ABOUT THIS TASK: Reproduce the entries below exactly, but only from the line containing "Une nouvelle innovation" to the line containing "permettent de garder", inclusive.

--- MATERIAL PROVIDED ---

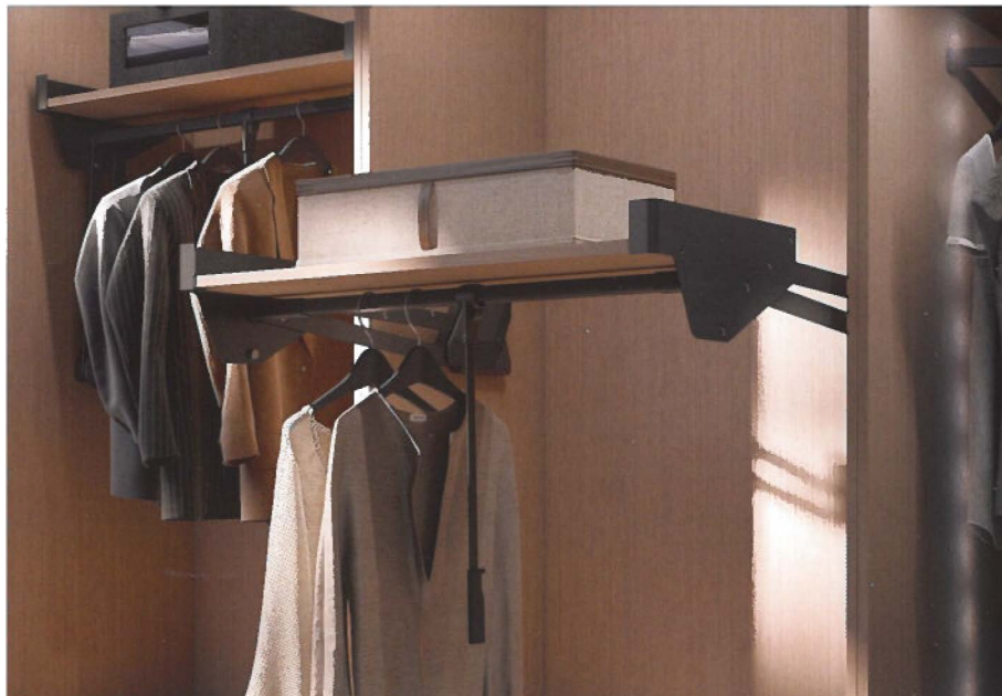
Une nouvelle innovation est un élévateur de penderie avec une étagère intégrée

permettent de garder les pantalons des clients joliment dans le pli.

---
--- MATERIAL PROVIDED ---

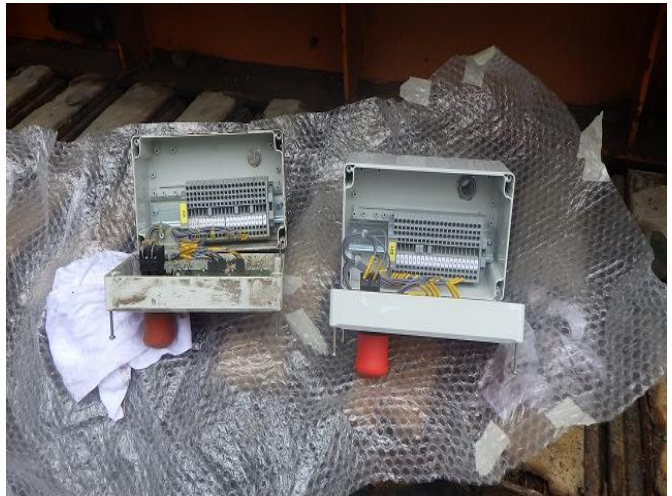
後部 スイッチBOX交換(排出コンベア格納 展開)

---
--- MATERIAL PROVIDED ---

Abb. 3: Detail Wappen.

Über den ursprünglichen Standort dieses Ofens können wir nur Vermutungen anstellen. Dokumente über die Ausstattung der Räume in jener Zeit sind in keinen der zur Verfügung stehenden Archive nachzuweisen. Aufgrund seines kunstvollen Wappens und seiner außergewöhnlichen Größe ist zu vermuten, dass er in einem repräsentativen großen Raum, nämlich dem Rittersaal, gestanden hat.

---

THE COMPLETED TASK:
Une nouvelle innovation est un élévateur de penderie avec une étagère intégrée

permettent de garder les pantalons des clients joliment dans le pli.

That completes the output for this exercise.